Tracie Wilson, executive VP of creative affairs for NBCUniversal Domestic Television Distribution, says Clarkson has the right stuff for daytime. NBCU had high hopes after watching her work last year as a coach on NBC’s “The Voice.” But daytime requires a deeper level of connection with viewers in order to make the show a daily habit.

“Kelly is the exact same person off camera that she is on camera,” Wilson says. “She’s putting her heart and soul into the show, and that’s coming through to the viewer.”

The Texas-born singer-songwriter comes by her frequent use of “y’all” honestly. It’s no surprise to NBCU that the show is scoring in heartland markets like Nashville, Phoenix and Portland, Ore. “Kelly Clarkson” has averaged about 1.8 million viewers for the season to date (through Nov. 8). That puts her behind only “Dr. Phil” (3.2 million viewers), “Live With Kelly and Ryan” (2.7 million) and “The Ellen DeGeneres Show” (2.5 million) among daytime talkers.

“Kelly Clarkson” generated immediate buzz for its opening segment, dubbed “Kellyoke,” in which Clarkson gives a full-
throated performance of a song by another artist. The list has ranged from Bruno Mars’ “Uptown Funk” to Whitney Houston’s “I Wanna Dance With Somebody” to Lizzo’s “Juice” to Prince’s “Let’s Go Crazy.” The segment has become a reliable promotional engine for the show on social media and broadcast platforms. The “Kellyoke” segments have drawn more than 13 million views on the show’s YouTube channel to date, per NBC.

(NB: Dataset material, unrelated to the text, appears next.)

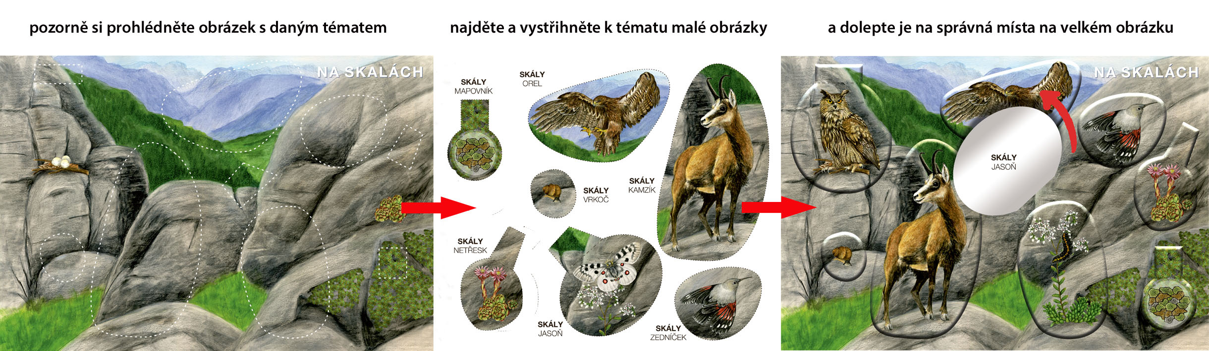 Novinka pro začátečníky: děti nejprve vystřihnou jednotlivé dílky skládačky a pak je nalepují do natištěných velkých obrázků. Orientují se podle barevné předlohy, která je součástí sešitu a podle názvů rostlin a živočichů, která jsou natištěna na zadní straně jednotlivých dílů skládačky.

CBS Television Studios is hoping that Barrymore will give Clarkson some competition on the relatable-celebrity front with an entertainment- and lifestyle-focused show. Cannon is following a similar path to Clarkson by planting his flag in daytime after gaining TV stature in primetime as the host of Fox’s reality hit “The Masked Singer” and NBC’s summer staple “America’s Got Talent.”

“Nick Cannon” has been picked up for a fall 2020 launch by Fox Television Stations, which will put the show on Fox affiliates in nine of the top 10 markets. That will help drive promotion for the daytime show in connection with “Masked Singer,” much as NBCUniversal drives cross-promotion for Clarkson’s show with “The Voice” and other NBCU assets.

Cannon served as a guest host for Debmar-Mercury’s “Wendy Williams” earlier this year, which sealed the company’s conviction to take a gamble with him in daytime. Cannon’s show will air in tandem with “Wendy Williams” in many markets, giving it a compatible lead-in.

The national launch of a Monday-through-Friday syndicated talk show is at minimum a $30 million proposition. Debmar-Mercury co-president Mort Marcus says that Cannon was worth the risk, despite the high casualty rate in daytime.

“We would not be launching this unless we felt there was a really, really good chance it will be a moneymaker,” Marcus says. “Yes, it’s a tighter marketplace for syndication, but it’s healthier for the market when there are a bunch of new shows and people are trying new things.”